For instance, the ending of “Leopold the See-Through Crumbpicker” leads directly to the idea that the children can draw and paint their own variations for decorating the invisible cookie-eater. In “Changes, Changes” I added a box of building blocks, not actually shown in the book, thus inciting children to carry one the story, stacking up their own changes. The film “Patrick” ends just as the colourful procession heads back toward the drab village seen at the start of the film. By this time the children know what will happen there when Patrick and his full-colour fiddle arrive; but they don’t see it, so they are allowed to imagine the ensuing scene for themselves.
Patrick’s fiddle, incidentally, plays virtuoso variations on Dvorak. In “A Picture for Harold’s Room” the purple crayon draws to the music of a classical string quartet. Unadulterated Janecek, in all its Slavic richness, precedes the musical frame for “Zlateh the Goat”. Our version of Andersen’s “The Ugly Duckling” introduces children to Carl Maria von Weber.
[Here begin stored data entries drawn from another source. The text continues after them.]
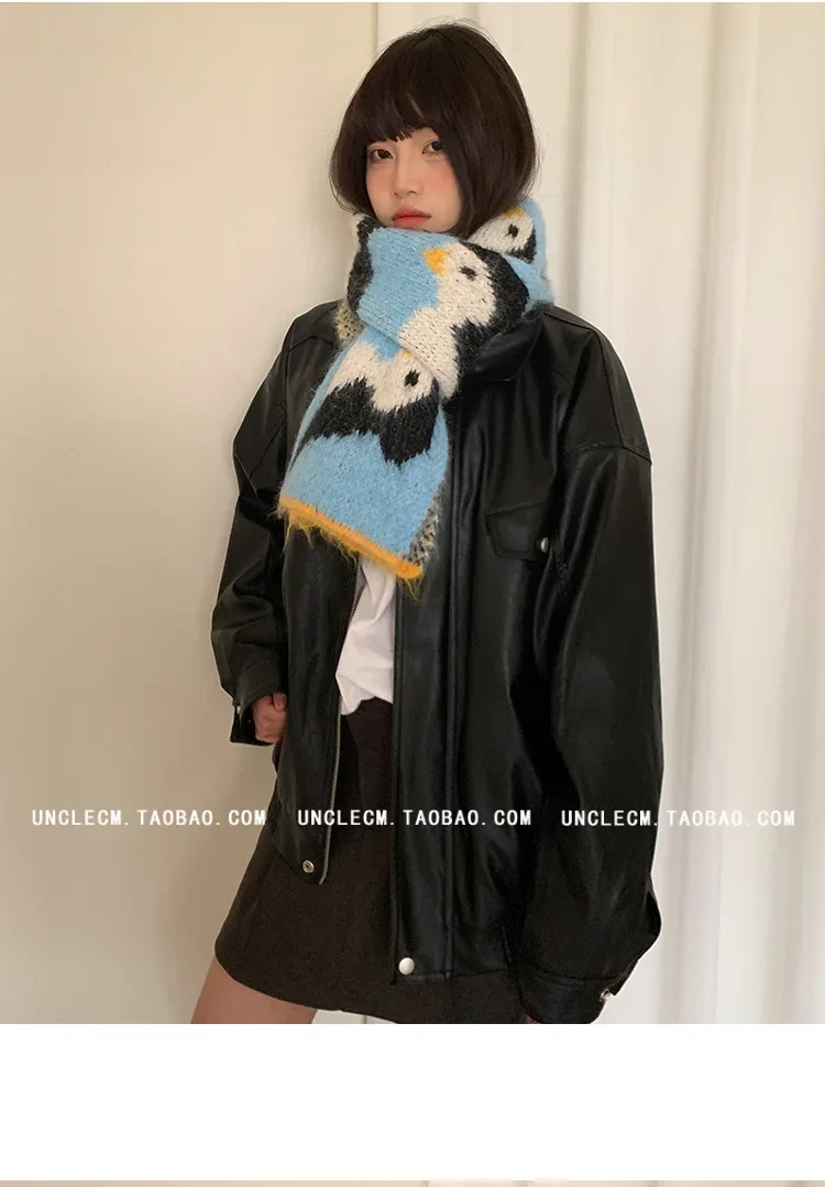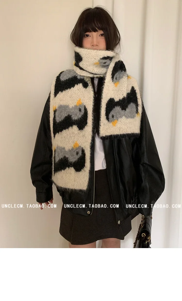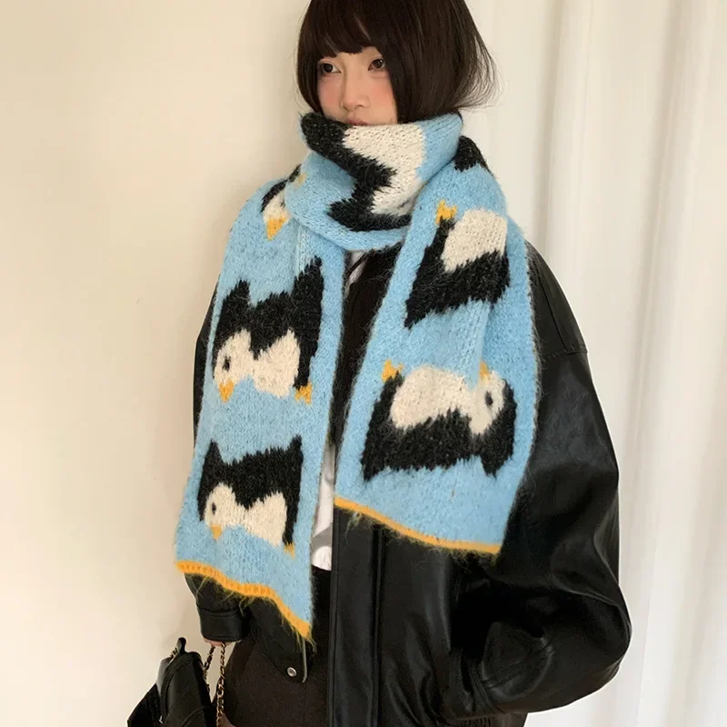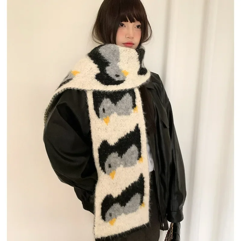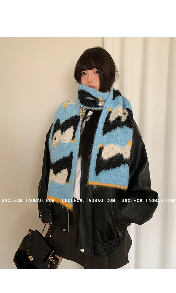 • Korean Style Design : This scarf features a cute cartoon penguin design, adding a touch of Korean style to your winter wardrobe.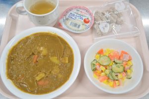 ツナカレー コーンサラダ ゼリー(おやつ)むぎちゃ かりんとう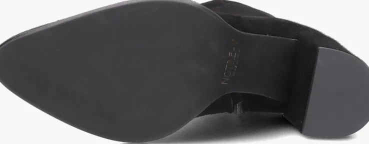 De schoenen van het merk NOTRE-V zijn tijdloos, maar met een knipoog naar de laatste trends. Deze fijne enkellaars 67034 is daar een mooi voorbeeld van. Dit model is uitgevoerd in zwart suède en heeft subtiele details die dit rustige design trendy maken, zoals de spitse neus, de beklede blokhak en de goudkleurige ritshanger met merkreliëf. De blokhak is 8 centimeter hoog en de schachthoogte is 13 centimeter, gemeten bij maat 38. Het binnenwerk is gemaakt van leatherlook ik combinatie met een vast, leer voetbed. De rubberen loopzool heeft een gripvast profiel dat zorgt voor veel stabiliteit bij iedere stap. Een trendy schoen die je makkelijk combineert!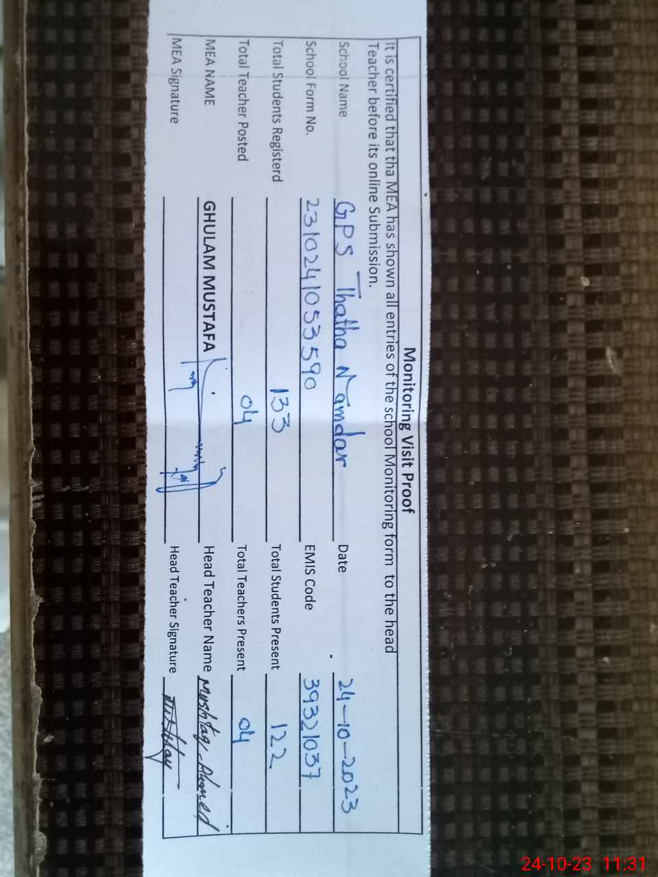 | EMIS Code: 39321037 | Name of School: GPS THATHA NAAM DAR | |||
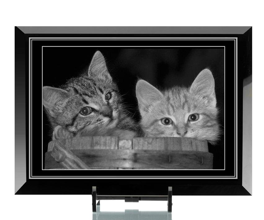 Собака и котята гравированы на чёрном зеркале с применением АМ модуляции на ЧПУ станке: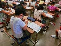 1年生は,夏休みの思い出を絵日記に書きました。今日は,友達の前で発表です。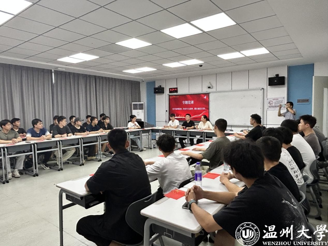 在爱国教育分享环节中,辅导员王景欣作为学校退役士兵“红锋连”的指导老师,为学生们就业、考研等政策进行了详细解读,并提供了宝贵建议。林勇也作为2023级退役大学生士兵代表,也围绕学习、生活等方面分享了在校期间的情况,以及面临的挑战。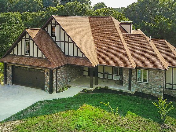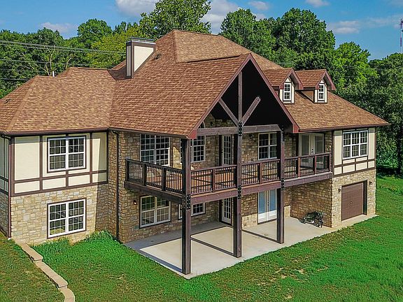 Come see this Beautiful Tudor style home with an open floor plan located near Ozark downtown! Newly built and ready to move in, this large home has a cozy feel to it. Extra deep walls keep this home well insulated. Living room features a vaulted ceiling with gorgeous wood beams. Kitchen has a large island and beautiful granite countertops. Large windows throughout the home give you a beautiful view of the wooded area on the acreage and the deer that roam there. Relax on the large covered deck and enjoy the sunset. Situated in a friendly community with a great elementary school nearby, this house is a must see!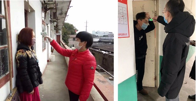 沈玉琪是家值支部的一名黨員,從1月30日起,他又多了一個身份——海洲街道海洲社區錦繡花園小區志愿者,主要協助小區門口封閉式管理的日常工作,包括量體溫、發放臨時通行證等,每天忙碌而有序地“工作”著。這幾天,象他那樣,公司內還有很多主動認領各自村(社區)站崗開展志愿服務的黨員或普通職工,如森德支部黨員莊佳華1月30日開始參與小區自發組織的防控志愿服務活動;全國五四獎章獲得者、黨員唐志海主動到村里要求執勤,協助村(社區)開展道路卡點檢查、人員登記、測量體溫等疫情管控工作;卡雷諾入黨積極分子朱玉良,2月1日積極報名參加了華豐小區主要出入口的人員出入檢查、宣傳、巡邏等工作……他們以自身的實際行動踐行著一個共產黨人的初心使命,以對人民群眾負責的精神日夜輪番值守做好疫情防控工作,積極而認真地發揮著一個共產黨員的先鋒模范作用。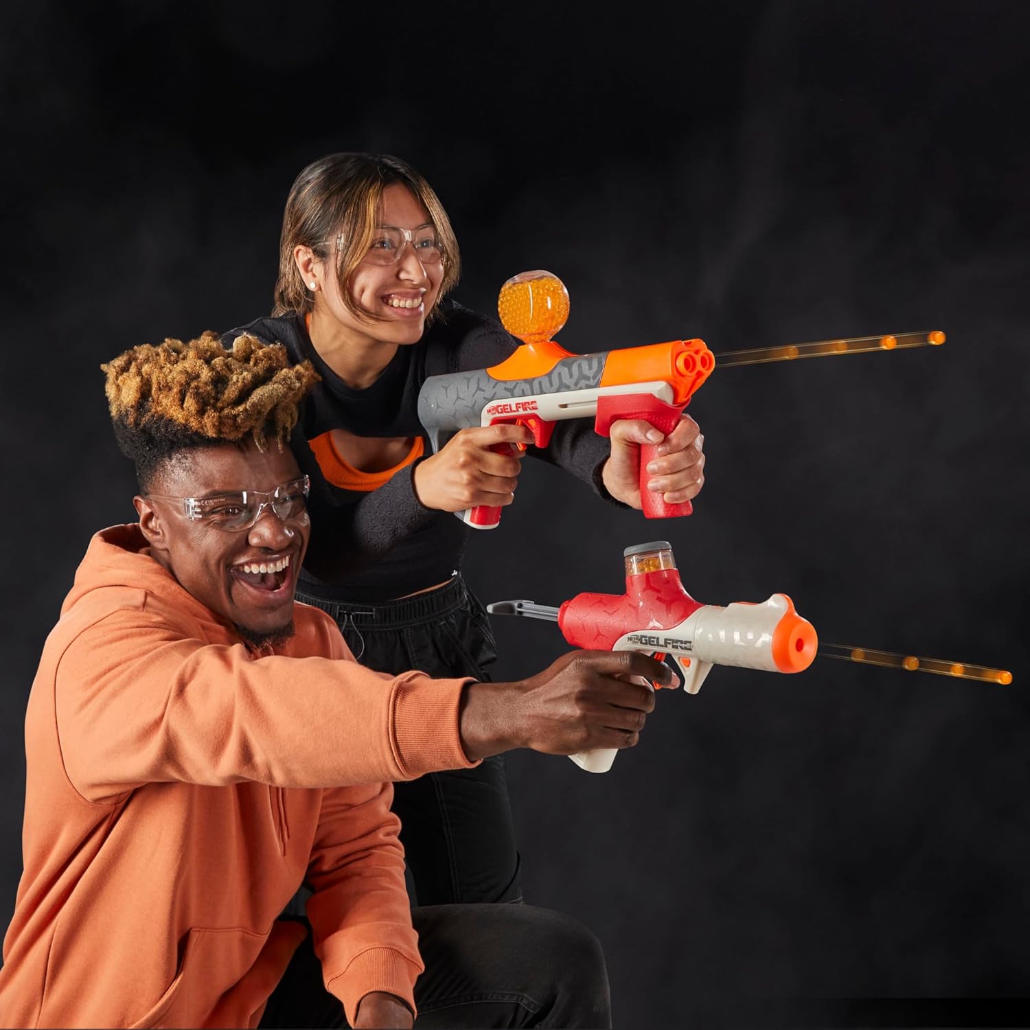 Ignite your competitive advantage with high-performance Nerf Pro Gelfire blasters featuring hydrated rounds that burst on impact! Nerf Pro Gelfire rounds come dehydrated in the box, giving you a huge amount of rounds for multiple refills. The hydrated gel rounds fire from the blaster at a high velocity and burst when they hit a target. No need to pick up rounds. Slam into battle with the Nerf Pro Gelfire Quadrant blaster that unleashes 4 rounds at a time with slam fire action! The blaster has double barrels that fire 2 rounds at a time with each trigger pull. The pump action blaster includes 5,000 dehydrated Nerf Pro Gelfire rounds that you prepare for use by hydrating the soft super absorbent polymer projectiles in water for 3-4 hours. The Quadrant blaster fires rounds at a velocity of up to 150 feet per second. It has an external 400-round hopper, trigger lock, and protective eyewear. Outdoor use recommended. For ages 14 and up. NERF and HASBRO and all related trademarks and logos are trademarks of Hasbro, Inc.

For our original scores we have gone to many lengths to provide just the right music. We needed authentic Central African music for “A Story”. My Czech wife Zdenka, who is also the production manager for our films, found antique instruments in a half-hidden ethnographic museum here as well as a curator-musician who could instruct us. A curious interplay of cultures resulted in our recording ses-ion: genuine African instruments played by Czechs, along with a recording by an African story-teller reading from a book by an American woman – for a movie for Western children being made in an eastern European studio.
The existence of our film versions, I am told, have often helped a book stay in print and increase in sales. Films are powerful but transitory, seen and suddenly gone. The book can always be read and will be even more after a child has seen it on the screen. The permanence of the printed word, however, is now being challenged. Movies, audiovisual media, and especially TV are very powerful forces. But must they destroy book reading, or can they complement it? The flood cannot be dammed, but it might be directed. We are trying to provide a channel which flows toward books rather than away from them.
*In animation production, moving figures are usually rendered onto transparent “cels”, sheets of acetate film, so that the stationary background painting can be photographed simultaneously on each film frame.
GENE DEITCH – American director living and making films (in his own studio) in Prague. During thirty four years he has directed more than thousand films and commercials and received numerous awards including the Oscar for “MUNRO” in 1959. Specializing in the adaptation of children books.